Microsoft Word 2007 automatically removes page numbers throughout the document if they are linked together. To remove page numbers for only part of a document, divide the document into sections and break the connection between them. To do this, double-click the header or footer. On the ribbon, you will see the Navigation section with the option Link to Previous. If the option is highlighted in yellow, click Link to Previous once to deselect it (See Figure 16). Same as Previous will disappear on the specified Footer or Header. Follow the same procedure to the page after where you want to specific formatting to end. You will now be able to edit the header and footer independently of the other pages.


Figure 15


Figure 16

Landscape Pages

In order to keep your pagination consistent throughout your document when inserting landscaped images, tables, or figures, you must follow a specific set of guidelines.

  1. Place your cursor on a blank line on the page before the landscaped image or table. You will need to insert a Section Break here.
    Section breaks are only used when you need a page numbering change or orientation change (e.g. from portrait to landscape).
  2. With your cursor on the blank line, from the Page Layout tab, click Breaks. The Break drop-down list will appear.
  3. Under Section Breaks, select Next Page.  This will start your new section on a new page of the document.
    If you previously inserted a Page Break here, you will see an additional blank page. Simply delete the extra page break by placing your cursor in front of the page break and pressing the Delete key. This will remove the blank page.


    Figure 17
  4. Follow the same steps (Page Layout tab, click Breaks and then select Next Page) on a blank line after the table or image. Your table should now be the only thing on this page. Next, make sure the page with the table and the page following it is not "linked to previous" (see the first paragraph of the Pagination section for instructions).
  5. Place your cursor on the page containing the table. It can be in the table or outside of it, but it must be on the same page.

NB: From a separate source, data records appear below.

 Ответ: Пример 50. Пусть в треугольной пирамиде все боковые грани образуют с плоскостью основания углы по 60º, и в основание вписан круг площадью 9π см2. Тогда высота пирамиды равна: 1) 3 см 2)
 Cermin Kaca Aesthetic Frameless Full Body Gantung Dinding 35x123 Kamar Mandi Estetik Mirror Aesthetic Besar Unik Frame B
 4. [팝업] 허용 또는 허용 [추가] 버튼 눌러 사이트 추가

This is where you will change the page orientation.
  6. From the Page Layout tab, click Orientation and then select Landscape.

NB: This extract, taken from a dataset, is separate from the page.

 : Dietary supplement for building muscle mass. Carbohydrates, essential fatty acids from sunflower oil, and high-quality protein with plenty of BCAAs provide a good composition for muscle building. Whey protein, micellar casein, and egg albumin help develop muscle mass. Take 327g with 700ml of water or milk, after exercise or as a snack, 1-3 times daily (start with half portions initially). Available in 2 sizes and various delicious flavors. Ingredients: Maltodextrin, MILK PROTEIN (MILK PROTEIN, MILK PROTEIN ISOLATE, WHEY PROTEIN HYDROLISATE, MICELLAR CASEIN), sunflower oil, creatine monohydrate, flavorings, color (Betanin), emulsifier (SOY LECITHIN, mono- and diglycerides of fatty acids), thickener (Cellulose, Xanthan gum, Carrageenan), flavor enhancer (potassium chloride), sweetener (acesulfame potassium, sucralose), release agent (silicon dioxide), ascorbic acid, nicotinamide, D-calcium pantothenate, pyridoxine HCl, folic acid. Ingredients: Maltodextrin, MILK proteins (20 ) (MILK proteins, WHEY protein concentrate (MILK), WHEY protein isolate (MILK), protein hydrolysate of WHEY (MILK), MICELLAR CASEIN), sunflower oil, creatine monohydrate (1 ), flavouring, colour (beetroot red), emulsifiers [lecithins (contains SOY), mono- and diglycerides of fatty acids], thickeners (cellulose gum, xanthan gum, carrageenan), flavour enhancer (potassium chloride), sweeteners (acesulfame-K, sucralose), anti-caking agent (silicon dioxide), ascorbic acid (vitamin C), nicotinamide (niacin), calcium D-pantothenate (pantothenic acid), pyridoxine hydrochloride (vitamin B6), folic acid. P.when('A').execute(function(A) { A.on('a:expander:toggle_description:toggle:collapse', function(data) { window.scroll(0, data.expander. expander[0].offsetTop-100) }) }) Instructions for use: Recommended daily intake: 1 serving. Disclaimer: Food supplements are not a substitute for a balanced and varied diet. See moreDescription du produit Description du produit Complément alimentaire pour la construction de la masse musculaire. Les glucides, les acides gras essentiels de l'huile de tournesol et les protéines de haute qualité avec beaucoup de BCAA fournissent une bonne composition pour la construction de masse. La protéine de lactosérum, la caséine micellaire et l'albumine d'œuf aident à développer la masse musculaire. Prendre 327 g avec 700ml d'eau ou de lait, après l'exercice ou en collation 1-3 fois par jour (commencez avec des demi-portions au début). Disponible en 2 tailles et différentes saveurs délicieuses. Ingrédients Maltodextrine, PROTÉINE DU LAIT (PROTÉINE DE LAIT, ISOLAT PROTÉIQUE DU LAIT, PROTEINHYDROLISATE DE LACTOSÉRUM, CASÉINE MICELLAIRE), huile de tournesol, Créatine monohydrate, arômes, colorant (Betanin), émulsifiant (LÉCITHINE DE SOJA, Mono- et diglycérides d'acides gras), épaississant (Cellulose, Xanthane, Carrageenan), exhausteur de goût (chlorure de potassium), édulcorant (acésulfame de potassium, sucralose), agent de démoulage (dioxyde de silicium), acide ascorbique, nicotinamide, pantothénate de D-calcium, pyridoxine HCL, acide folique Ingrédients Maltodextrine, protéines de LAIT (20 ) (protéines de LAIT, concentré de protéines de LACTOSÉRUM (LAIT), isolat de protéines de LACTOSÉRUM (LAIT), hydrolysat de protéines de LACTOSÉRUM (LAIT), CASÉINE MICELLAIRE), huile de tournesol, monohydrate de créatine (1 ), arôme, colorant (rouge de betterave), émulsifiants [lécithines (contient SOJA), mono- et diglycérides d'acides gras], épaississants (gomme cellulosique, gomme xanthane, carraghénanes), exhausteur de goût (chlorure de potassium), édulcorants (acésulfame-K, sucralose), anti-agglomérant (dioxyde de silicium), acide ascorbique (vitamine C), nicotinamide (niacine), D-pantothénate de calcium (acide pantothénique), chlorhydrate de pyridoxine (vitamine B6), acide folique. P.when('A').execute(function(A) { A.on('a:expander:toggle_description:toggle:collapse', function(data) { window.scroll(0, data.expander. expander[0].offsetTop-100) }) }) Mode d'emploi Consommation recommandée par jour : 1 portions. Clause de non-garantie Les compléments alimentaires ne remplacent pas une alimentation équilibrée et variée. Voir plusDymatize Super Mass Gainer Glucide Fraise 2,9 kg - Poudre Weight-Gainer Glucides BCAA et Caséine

All changes will now affect the landscaped section only.


Figure 18

Adding outline numbering to chapters and sub sections

In Word 2007, you can easily format titles to be outline numbered. For example, you might want first-level subtitles to be formatted automatically like the following:

1.1 Section title
1.2 Section title

To do this:

  1. Place the cursor in front of the title-style you want to be numbered.
  2. On the Home tab, in the Paragraph group, click the arrow next to Bullets or Numbering.

Word Ribbon Image

  1. Point to Change List Level, and then select the level that you want.

Footnotes and Endnotes

To add footnotes or endnotes, on the References tab, click Insert Footnote (or Insert Endnote). To change the footnotes settings, click the arrow box in the bottom right as shown in the figure below. The Footnote and Endnote dialog will appear. Here, you will be able to change their location, format, numbering style, the way it counts, and other customizing features.


Figure 19

Footnote White space Formatting Problem

Sometimes there may be unwanted white space in the footnotes section of the template. To fix this issue, please follow these steps:

1. On the Home tab, click the bold P button to show all the formatting tags.

2. From the View tab, click Draft.

3. At the bottom right, click the grey circle as shown in Figure 20.


Figure 20

4.  Choose Browse by Footnote and then Browse by Page as shown below.

5. Next, From the References tab above, click Show Notes in the Footnotes section

6. From this new pane at the bottom, click the Footnotes drop-down menu on the left and choose Footnote Separator.


6. Delete all the P tags below except for the one located next to the separator. Click Close.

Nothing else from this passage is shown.